# To poly or not to poly?



## hendo_57_25 (Apr 26, 2011)

Alright, this is my first post/question... so here goes.

I'm currently working a picture frame that is made of solid oak. The look I am going for is an extremely distressed look. I have applied several coats of a dark walnut stain and allowed it to dry. I am now in the process of torching the frame... basically I'm taking a handheld torch and burning the wood in several spots all over the frame. Once I am finished with that I am planning on chipping and scratching the frame in several places as well. My question is, once I am finished "distressing" the frame should I apply polyurethane or not? Would that affect the "charcoaled" areas of the frame or not? And would it take away from my desired distressed look?

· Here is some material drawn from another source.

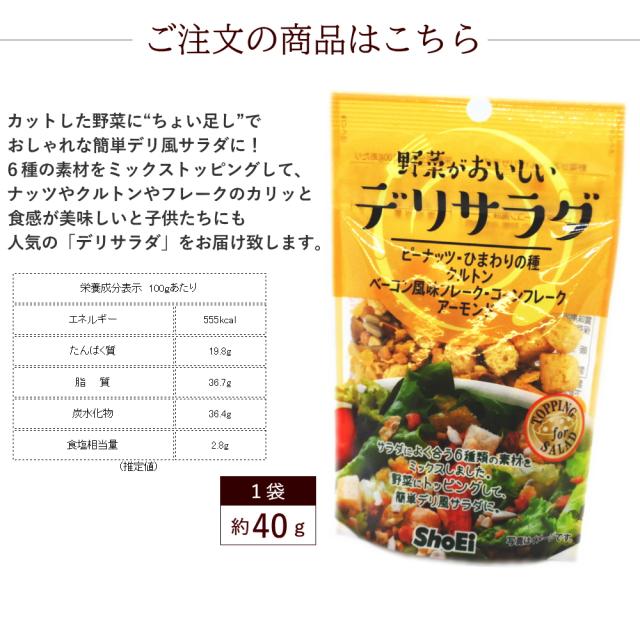 野菜がおいしい デリサラダ 40g 4袋セット チャック付き サラダトッピング ナッツ クルトン フレーク アーモンド ひまわりの種入り / クロネコゆうパケット便
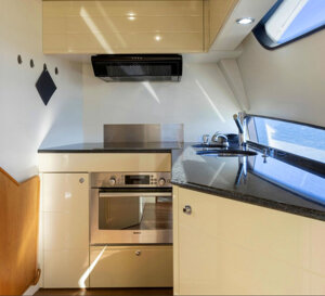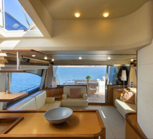 Il Ferretti 681 segna un'evoluzione significativa rispetto al suo predecessore, il 680, con un design fresco e moderno caratterizzato da teak a poro aperto e contorni raffinati per un utilizzo ottimale dello spazio. Il suo esterno elegante vanta finestrini sopraelevati estesi e una nuova panca con spoiler per il relax in riva al mare. All'interno, il layout dello yacht enfatizza il lusso e il comfort, con cabine ospiti che includono versatili letti a L e una cabina VIP con eleganti finiture in teak e marmo. La master suite offre una vista panoramica sul mare attraverso le sue caratteristiche finestre e comprende uno spazioso divano semicircolare. Sopra, il flybridge è dotato di un divano circolare, un tavolo regolabile e ampi prendisole, che esaltano lo status del Ferretti 681 come apice dell'eccellenza nautica.

May be a silly question, but I have never attempted anything like this (I consider myself a beginner). Any input/advice would be greatly appreciated...


----------



## RJM (Apr 11, 2010)

I'd think that polyurethane would take away from the distressed look that you're putting so much effort into. Maybe wax would be a better finish.


----------



## mpbc48 (Sep 17, 2010)

Hi Jon,

If you already have the poly, you could test it on a scrap piece. My guess is it would give you a "shine" that you don't want. 

I wonder if a matte finish poly would work?

Mike


----------



## jlord (Nov 16, 2009)

Hi jon,
I would also suggest doing samples. I think wax would leave residue in the rougher burned areas where it is harder to buff out. Poly comes in many sheens.


----------



## RStaron (Sep 25, 2009)

You might try a rub on satin poly, maybe only one or two coats. I've used this on unstained pine and it had no shine to it. I used min-wax poly.


----------



## jw2170 (Jan 24, 2008)

G’day Jon

Welcome to the router forum. 

Thank you for joining us


----------



## bobbotron (Jan 7, 2010)

I'd suggest testing on scrap, and also testing out an oil finish, linseed maybe?


----------